Eye witness report by The Adana Observer’s award winning reporter, Holly Barberossa.


I’m speaking to you from the Body Regeneration Unit at Adana General Hospital and we are in the prep room speaking with Hyrem Bosch and his legal adviser Marc Tullius. Viewers will recall from Breaking News #11 that Hyrem is the originator of the Celebrity Trading Card fad that has swept Adana and, unfortunately, drew the ire of K. Dollavera

“Hyrem, how are you feeling?”
“Pretty good Holly.”
“Hyrem I understand that the body regeneration process will take a month and during that time you’ll be in a medically induced coma.”
“The big sleep, they call it Holly.”
“During the big sleep the neural surgeons will be splicing your head onto the body that is at this moment being grown from your cells.”
“That’s right Holly. They started growing my body yesterday from a cell extracted from my spinal column. They have to start connecting me to the body straight away to guarantee the neural net is complete so that I’ll be fully functioning at the end of it.”
“Are you scared?”
“Not as scared as I was when I talked to you yesterday. I thought it was all over with the law suit and all.”
“Speaking of which, Marcus Tullius, you’ve taken on the cause of Hyrem pro bono I believe.”
“That’s correct Holly. I believe that everyone deserves legal support in times of trouble and Hyrem here was on the brink of termination with no one to assist him with his legal issues, particularly the K. Dollavera slander.”
“How is that sitting? Has K. Dollavera, a rich powerful man dropped his law suit against Hyrem, who is, we hardly need reminding, in such a sorry state?”
“No he hasn’t Holly. I won’t comment on it of course, as it is an ongoing subject of litigation.”
“But surely the fact that Hyrem is a minor, he is only twelve years old, should end the law suit?”
“I am able to comment on that Holly. K. Dollavera has applied to the court for a ruling under the Sentience Act of 2015 that stipulates that chronological age is not the sole determinant of culpability.”
“So, despite his age they are saying he is smart enough to stand trial.”
“That’s correct, Holly.”
“It’s difficult to argue Hyrem is not intelligent.”
“As you say, though I wouldn’t like to preempt the court’s ruling.”
“How do they make such a ruling?”
“They have accessed Hyrem’s medical records, specifically his cerebral profile, which they will use to determine his culpability. Their ruling which is expected in three weeks.”
“Hyrem will still be in his big sleep, a coma, at that point so when he awakes it could be to face a law suit that will throw him and his new body into the corridors.”
“Sadly yes.”
“Hyrem, how did you react when you learned that since yesterday’s interview thousands of citizens and visitors to Adana had donated so many credits to finance your body regeneration?”
“Very happy.
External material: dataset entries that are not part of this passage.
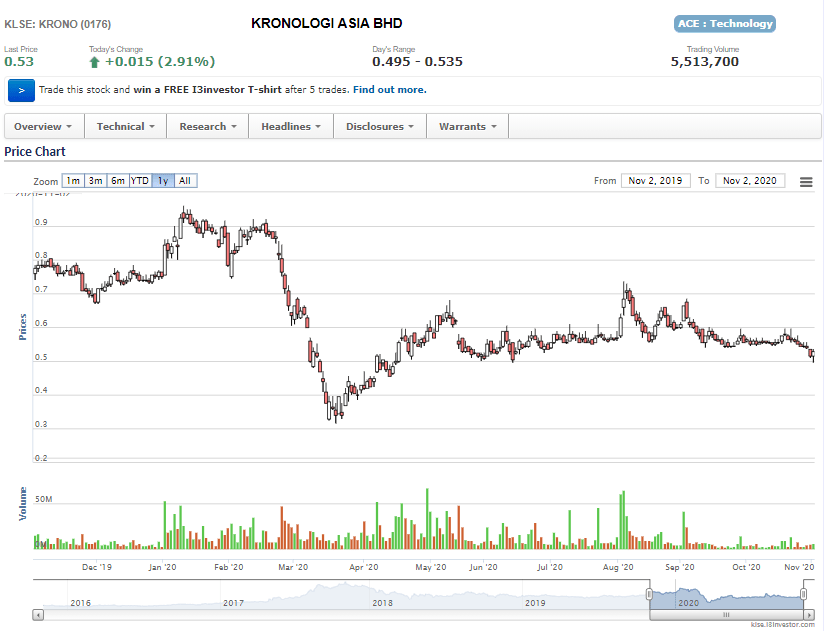 A few hours ago, a friend updated me on this information relating to KRONOLOGI (Kronologi Asia Berhad), a company I’ve had at the back of my mind for some time.
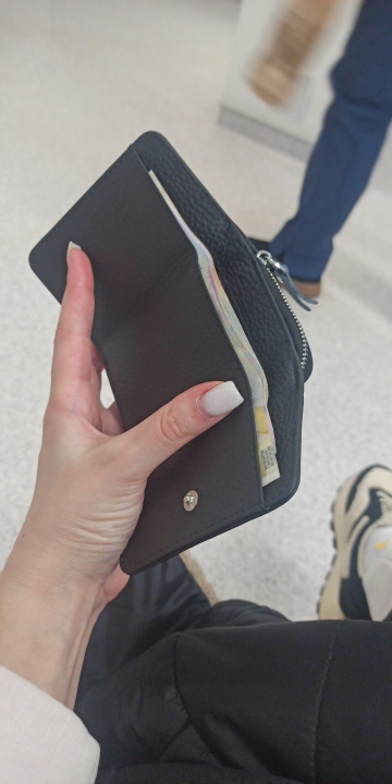 The goods arrived quickly. The wallet is made very carefully, the seams are even, the accessories are of high quality, there is no extraneous smell. It is light, comfortable and fits in any bag. One note - the small thing in the small section falls out for the side valves. The product fully complies with the stated specifications. I recommend the seller and the product.
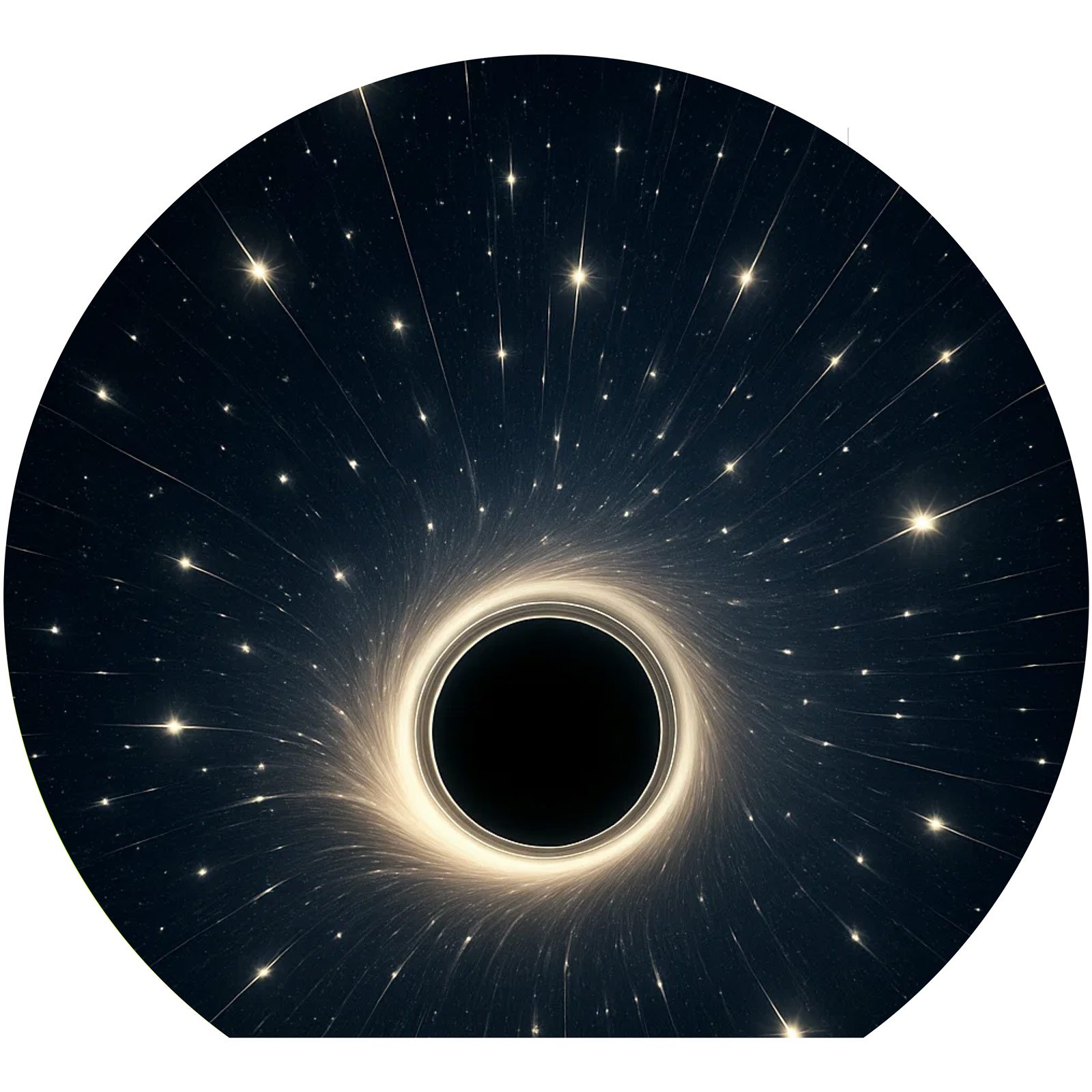 A imagem retrata com uma beleza estonteante a força gravitacional avassaladora que curva a luz das estrelas, puxando-as para um centro de silêncio e poder absolutos. É uma dança cósmica no limite da realidade, um vislumbre do infinito.
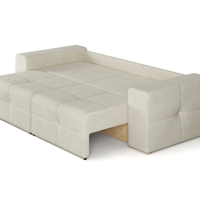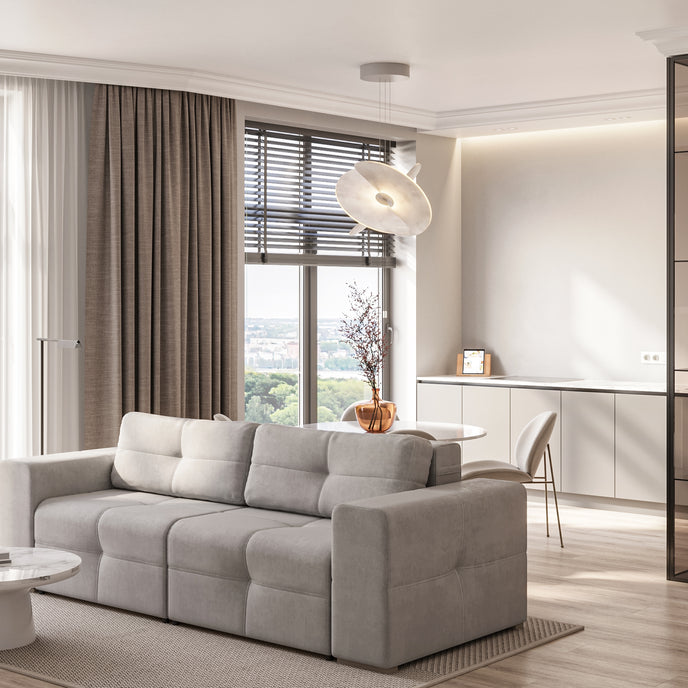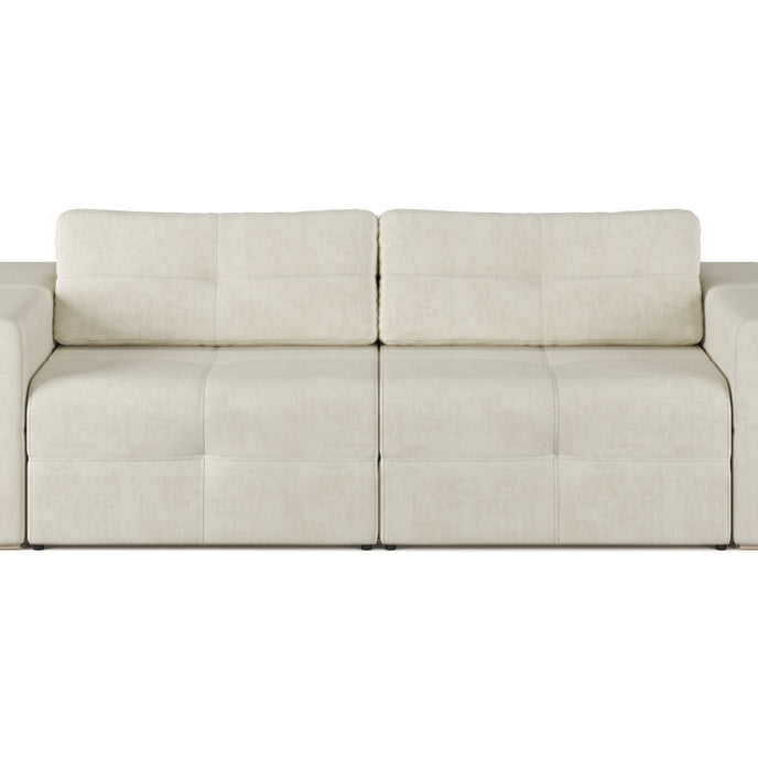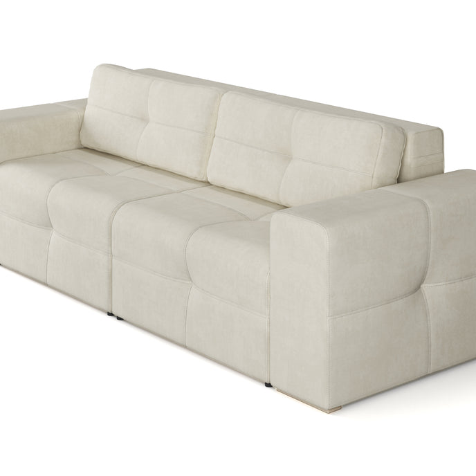 The “Caprice” sofa is a perfect blend of elegance and functionality, designed to complement modern and minimalist interiors. Upholstered in a soft, light-colored fabric, it adds a sense of brightness and airiness to any space. Its clean lines and tufted cushions provide a sophisticated yet inviting look, ideal for both relaxing and entertaining.
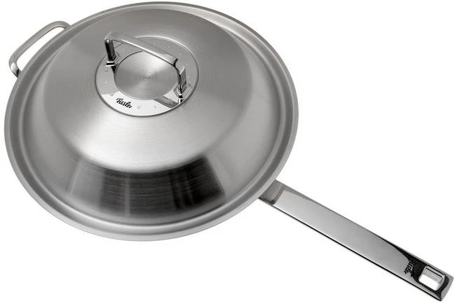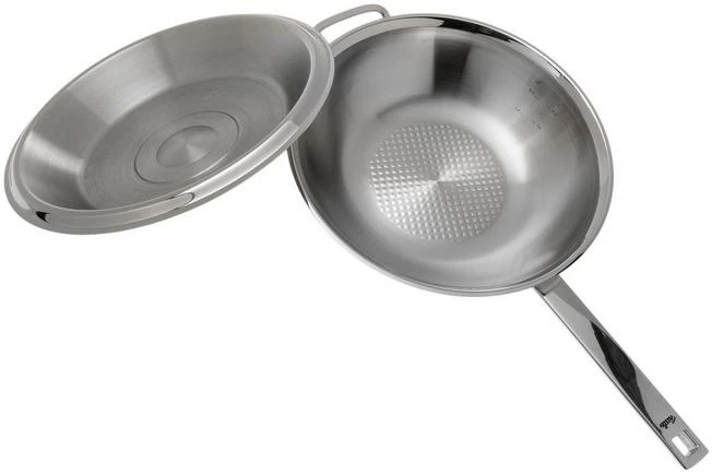 La Fissler Original Profi Collection Wok tiene un diámetro de 30 cm. Viene con una tapa alta. El wok tiene un contenido de 4,1 litros y la capacidad del interior de la sartén es de 2 litros.
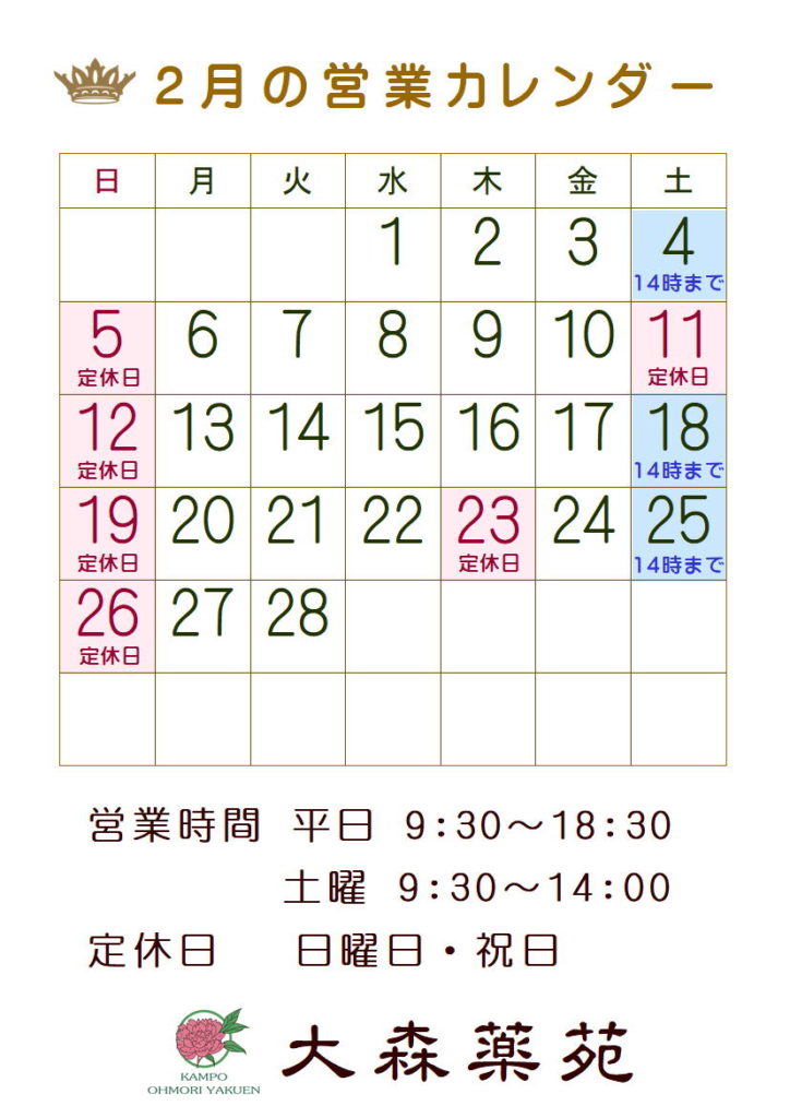 2月の営業予定は下記の通りです。どうぞよろしくお願い致します。
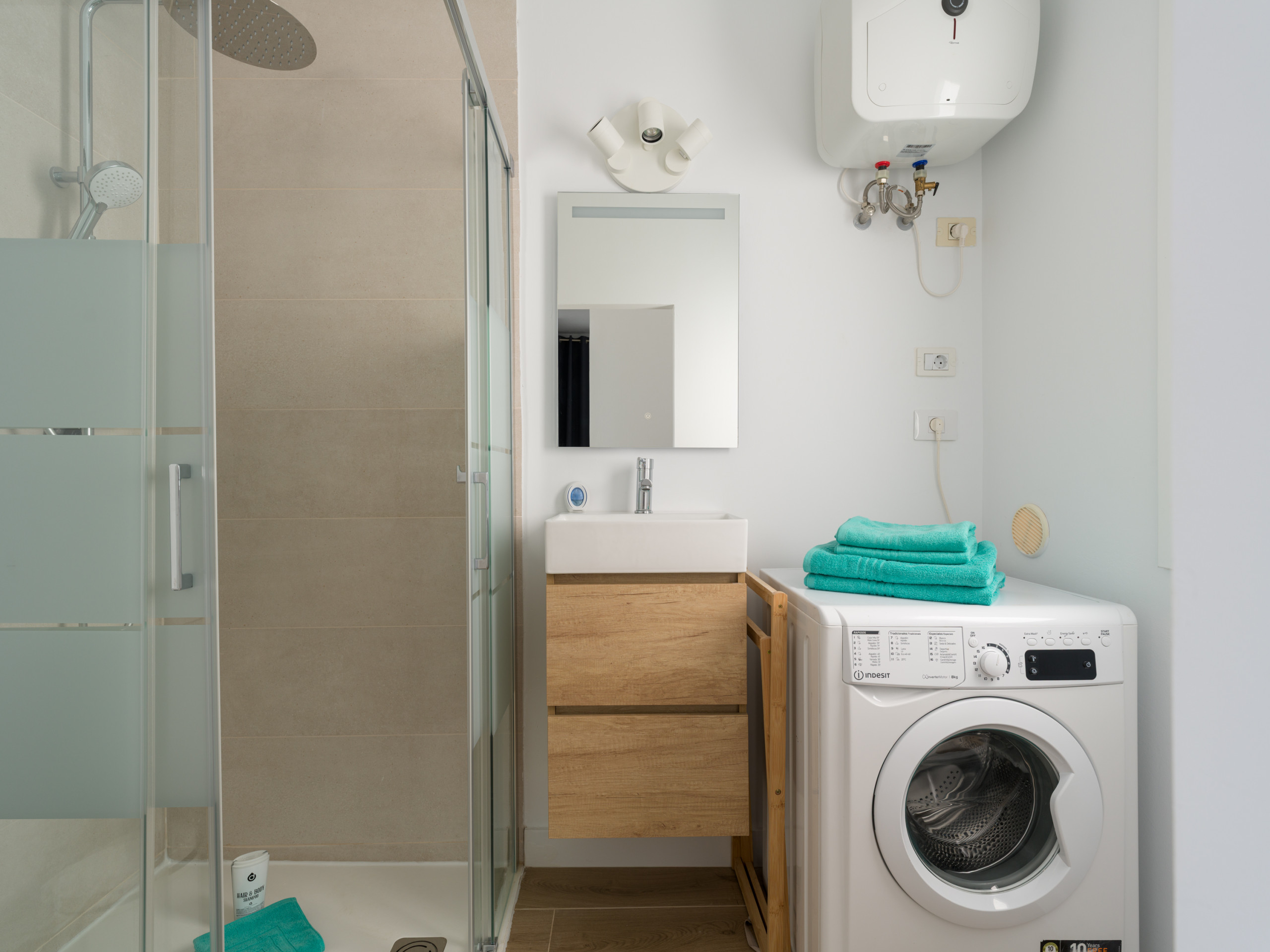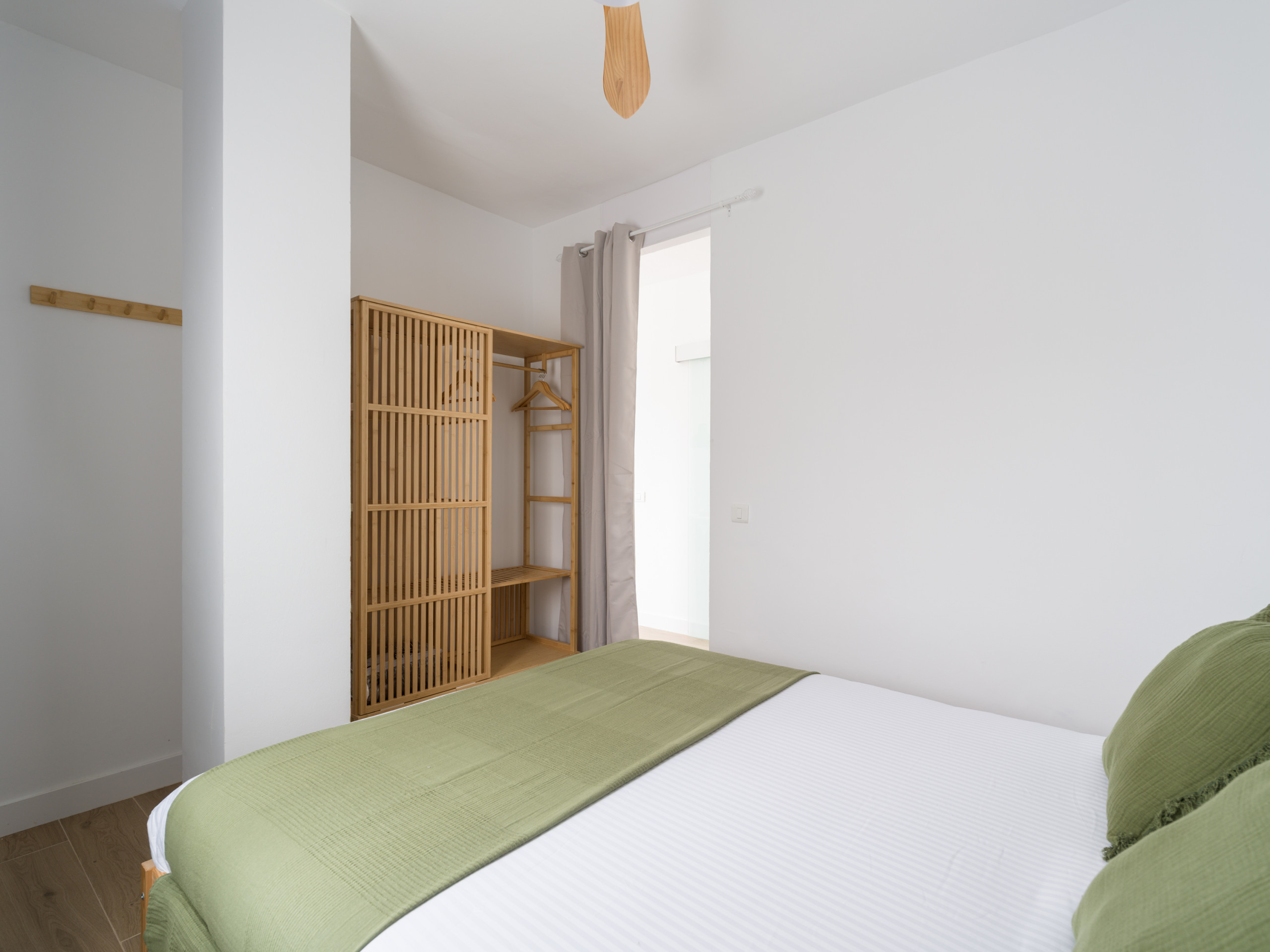 Le logement dispose d'1 chambre avec lit double à matelas viscoélastique et capacité jusqu'à 2 personnes. Il dispose d'1 salle de bain complète avec douche accessible, pommeau de douche avec poignée et accès sans marches, parfait pour garantir votre confort. L'espace est conçu en pensant à l'accessibilité, avec des portes larges dans la chambre, chemin éclairé vers l'entrée.

Holly. I don’t feel alone any more.”


Well, there it is viewers. Thousands of citizens should be proud of their efforts and their compassion that has saved the life of this young man. However it looks as though the fight is not over. A cloud hangs over the future of Hyrem Bosch and that cloud has a name: K. Dollavera.

I wonder if K.Dollavera has as many friends on Adana as Hyrem.

I’d like to remind viewers that if they have any information regarding the whereabouts of Ernhard Wis, please contact Port Security or the Adana Observer office as soon as possible.

This is Holly Barberossa, observing for The Adana Observer.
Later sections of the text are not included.